PROBLEM
Every line of the data needs to be returned exactly.

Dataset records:
····················

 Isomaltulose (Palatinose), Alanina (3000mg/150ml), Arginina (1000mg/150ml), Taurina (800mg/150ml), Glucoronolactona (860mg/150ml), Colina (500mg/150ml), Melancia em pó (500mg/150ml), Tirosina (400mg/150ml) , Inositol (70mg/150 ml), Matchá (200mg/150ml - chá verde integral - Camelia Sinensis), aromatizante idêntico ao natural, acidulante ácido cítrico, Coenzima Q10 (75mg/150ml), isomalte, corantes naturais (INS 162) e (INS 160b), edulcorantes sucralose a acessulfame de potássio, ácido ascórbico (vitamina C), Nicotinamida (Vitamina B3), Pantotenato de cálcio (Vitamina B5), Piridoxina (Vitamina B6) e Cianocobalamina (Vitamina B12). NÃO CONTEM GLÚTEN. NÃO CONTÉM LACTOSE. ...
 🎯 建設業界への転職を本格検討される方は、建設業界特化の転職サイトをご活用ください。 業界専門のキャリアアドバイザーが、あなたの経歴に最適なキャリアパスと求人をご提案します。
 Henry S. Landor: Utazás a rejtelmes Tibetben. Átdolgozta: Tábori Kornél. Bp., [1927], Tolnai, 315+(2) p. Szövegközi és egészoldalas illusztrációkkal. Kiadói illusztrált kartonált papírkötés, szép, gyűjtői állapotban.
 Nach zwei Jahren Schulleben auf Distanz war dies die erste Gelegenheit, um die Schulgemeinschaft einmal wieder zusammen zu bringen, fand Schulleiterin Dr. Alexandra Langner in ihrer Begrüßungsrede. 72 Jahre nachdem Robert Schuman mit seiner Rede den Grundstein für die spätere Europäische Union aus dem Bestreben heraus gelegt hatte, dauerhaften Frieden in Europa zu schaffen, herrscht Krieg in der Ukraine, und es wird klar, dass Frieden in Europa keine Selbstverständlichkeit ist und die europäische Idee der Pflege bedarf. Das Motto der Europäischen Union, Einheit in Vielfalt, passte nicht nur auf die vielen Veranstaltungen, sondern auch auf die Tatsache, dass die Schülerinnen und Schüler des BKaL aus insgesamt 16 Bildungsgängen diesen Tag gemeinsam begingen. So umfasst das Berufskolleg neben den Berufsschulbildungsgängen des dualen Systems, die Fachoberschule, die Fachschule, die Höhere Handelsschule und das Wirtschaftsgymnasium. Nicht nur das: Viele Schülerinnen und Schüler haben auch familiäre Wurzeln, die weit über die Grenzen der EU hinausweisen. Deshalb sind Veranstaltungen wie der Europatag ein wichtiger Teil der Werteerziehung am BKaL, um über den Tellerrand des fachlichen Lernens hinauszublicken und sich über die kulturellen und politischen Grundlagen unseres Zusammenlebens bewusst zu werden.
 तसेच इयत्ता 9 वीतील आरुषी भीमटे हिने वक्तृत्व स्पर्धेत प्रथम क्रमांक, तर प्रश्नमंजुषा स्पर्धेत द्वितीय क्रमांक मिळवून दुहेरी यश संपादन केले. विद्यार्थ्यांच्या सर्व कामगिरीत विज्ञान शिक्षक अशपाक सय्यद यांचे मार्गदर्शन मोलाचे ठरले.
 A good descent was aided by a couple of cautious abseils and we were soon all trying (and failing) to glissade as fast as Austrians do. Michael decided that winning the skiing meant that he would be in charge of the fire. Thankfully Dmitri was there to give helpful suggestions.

····················

SOLUTION TO THIS PROBLEM
 Isomaltulose (Palatinose), Alanina (3000mg/150ml), Arginina (1000mg/150ml), Taurina (800mg/150ml), Glucoronolactona (860mg/150ml), Colina (500mg/150ml), Melancia em pó (500mg/150ml), Tirosina (400mg/150ml) , Inositol (70mg/150 ml), Matchá (200mg/150ml - chá verde integral - Camelia Sinensis), aromatizante idêntico ao natural, acidulante ácido cítrico, Coenzima Q10 (75mg/150ml), isomalte, corantes naturais (INS 162) e (INS 160b), edulcorantes sucralose a acessulfame de potássio, ácido ascórbico (vitamina C), Nicotinamida (Vitamina B3), Pantotenato de cálcio (Vitamina B5), Piridoxina (Vitamina B6) e Cianocobalamina (Vitamina B12). NÃO CONTEM GLÚTEN. NÃO CONTÉM LACTOSE. ...
 🎯 建設業界への転職を本格検討される方は、建設業界特化の転職サイトをご活用ください。 業界専門のキャリアアドバイザーが、あなたの経歴に最適なキャリアパスと求人をご提案します。
 Henry S. Landor: Utazás a rejtelmes Tibetben. Átdolgozta: Tábori Kornél. Bp., [1927], Tolnai, 315+(2) p. Szövegközi és egészoldalas illusztrációkkal. Kiadói illusztrált kartonált papírkötés, szép, gyűjtői állapotban.
 Nach zwei Jahren Schulleben auf Distanz war dies die erste Gelegenheit, um die Schulgemeinschaft einmal wieder zusammen zu bringen, fand Schulleiterin Dr. Alexandra Langner in ihrer Begrüßungsrede. 72 Jahre nachdem Robert Schuman mit seiner Rede den Grundstein für die spätere Europäische Union aus dem Bestreben heraus gelegt hatte, dauerhaften Frieden in Europa zu schaffen, herrscht Krieg in der Ukraine, und es wird klar, dass Frieden in Europa keine Selbstverständlichkeit ist und die europäische Idee der Pflege bedarf. Das Motto der Europäischen Union, Einheit in Vielfalt, passte nicht nur auf die vielen Veranstaltungen, sondern auch auf die Tatsache, dass die Schülerinnen und Schüler des BKaL aus insgesamt 16 Bildungsgängen diesen Tag gemeinsam begingen. So umfasst das Berufskolleg neben den Berufsschulbildungsgängen des dualen Systems, die Fachoberschule, die Fachschule, die Höhere Handelsschule und das Wirtschaftsgymnasium. Nicht nur das: Viele Schülerinnen und Schüler haben auch familiäre Wurzeln, die weit über die Grenzen der EU hinausweisen. Deshalb sind Veranstaltungen wie der Europatag ein wichtiger Teil der Werteerziehung am BKaL, um über den Tellerrand des fachlichen Lernens hinauszublicken und sich über die kulturellen und politischen Grundlagen unseres Zusammenlebens bewusst zu werden.
 तसेच इयत्ता 9 वीतील आरुषी भीमटे हिने वक्तृत्व स्पर्धेत प्रथम क्रमांक, तर प्रश्नमंजुषा स्पर्धेत द्वितीय क्रमांक मिळवून दुहेरी यश संपादन केले. विद्यार्थ्यांच्या सर्व कामगिरीत विज्ञान शिक्षक अशपाक सय्यद यांचे मार्गदर्शन मोलाचे ठरले.
 A good descent was aided by a couple of cautious abseils and we were soon all trying (and failing) to glissade as fast as Austrians do. Michael decided that winning the skiing meant that he would be in charge of the fire. Thankfully Dmitri was there to give helpful suggestions.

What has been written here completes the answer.